WHEREAS, Original Lender assigned, sold and transferred its interest in the Loan and all Loan Documents to Lender and Lender is the current holder of all of Original Lender’s interest in the Loan and Loan Documents.
WHEREAS, Borrower has requested that Lender grant a three-year extension option (the “Third Extension”).
WHEREAS, Lender hereby consents to the Third Extension subject to all covenants, terms and conditions herein provided (including, but not limited to, the Principal Paydown referred to in Section B.1 of this Agreement, after which the outstanding principal balance of the Loan shall be reduced to $28,900,000.00).
NOW, THEREFORE, for valuable consideration, the receipt and sufficiency of which are hereby acknowledged, Borrower, Guarantor and Lender, notwithstanding anything in the Loan Documents to the contrary, hereby agree to modify the Loan, amend the Loan Documents, and otherwise agree as follows:
A. Extension of the Maturity Date.
Subject to the satisfaction of all conditions set forth in this Agreement as determined by Lender in its sole and absolute discretion, the Loan is hereby modified as follows:
1. Subject to Borrower’s satisfaction of all terms and conditions contained in this Agreement, Lender and Borrower agree that the Maturity Date shall be extended to April 1, 2013 (the “Third Extended Maturity Date”).
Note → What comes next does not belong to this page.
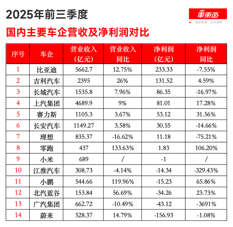 车东西12月4日消息,截至今天,国内已有14家主要车企发布了2025年第三季度财务报告。

2. All references to the term “Maturity Date” appearing in the Loan Documents are hereby changed to refer to the Third Extended Maturity Date.
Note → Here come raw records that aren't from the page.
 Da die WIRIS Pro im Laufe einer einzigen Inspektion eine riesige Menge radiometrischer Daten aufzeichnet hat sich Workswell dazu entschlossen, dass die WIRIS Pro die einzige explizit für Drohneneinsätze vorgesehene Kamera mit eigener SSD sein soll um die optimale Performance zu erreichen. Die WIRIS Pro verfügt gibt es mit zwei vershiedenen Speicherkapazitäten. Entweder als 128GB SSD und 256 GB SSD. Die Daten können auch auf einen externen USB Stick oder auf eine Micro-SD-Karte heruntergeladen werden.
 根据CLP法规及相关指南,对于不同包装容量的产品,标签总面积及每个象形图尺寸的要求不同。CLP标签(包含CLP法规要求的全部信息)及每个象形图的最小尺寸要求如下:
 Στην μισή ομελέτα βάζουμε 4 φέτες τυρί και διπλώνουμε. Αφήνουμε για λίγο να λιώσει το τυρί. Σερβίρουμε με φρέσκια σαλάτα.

3. All references to the term “Loan Documents” are hereby changed to mean the “Loan Documents” as defined in this Agreement, and shall be deemed to include this Agreement, together with any and all other documents, instruments and agreements executed or delivered in connection herewith.
4. The definition of “Cash Management Period” in Section 1.1 of the Loan Agreement is deleted in its entirety and replaced with the following:
“Cash Management Period: shall commence upon Lender giving notice to the Clearing Bank of the occurrence of any of the following: (i) the Stated Maturity Date, (ii) an Event of Default, or (iii) if, as of any Calculation Date, the Debt Service Coverage Ratio is less than 1.10:1 (a “DSCR Cash Management Period”); and shall end on the Maturity Date.”
5. The definition of “Spread” in Section 1.1 of the Loan Agreement is deleted in its entirety and replaced with the following:
“Spread: From and including April 1, 2010 through and including March 31, 2011, 4.00%; from and including April 1, 2011 through and including March 31, 2012, 5.50%; and from and including April 1, 2012 through and including the Third Extended Maturity Date, 6.00%.”
6. Section 2.6.1(1) of the Loan Agreement is deleted in its entirety and replaced with the following:
“(1) the Interest Rate Protection Agreement is with a financial institution having a long term, unsecured and unsubordinated debt rating of at least “A” by S&P and “A2” by Moody’s (an “Acceptable Counterparty”); has a term ending no earlier than the Stated Maturity Date; is an interest rate cap in respect of a notional amount not less than the maximum principal amount of the Loan that shall have the effect of capping LIBOR at 6.00% per annum; and provides that the only obligation of Borrower thereunder is the making of a single payment upon the execution and delivery thereof.”
7. Section 2.6.1(4) of the Loan Agreement is deleted in its entirety and replaced with the following:
“(4) In the event of any downgrade, withdrawal or qualification of the rating of the issuer of the Interest Rate Protection Agreement below “A-” by S&P or “A3” by Moody’s, Borrower shall replace the Interest Rate Protection Agreement with a replacement Interest Rate Protection Agreement from an Acceptable Counterparty (with terms identical to the Interest Rate Protection Agreement being replaced, or otherwise approved by Lender in its reasonable discretion and the Rating Agencies) not later than thirty (30) days following receipt of notice from Lender or the Servicer of such downgrade, withdrawal or qualification.”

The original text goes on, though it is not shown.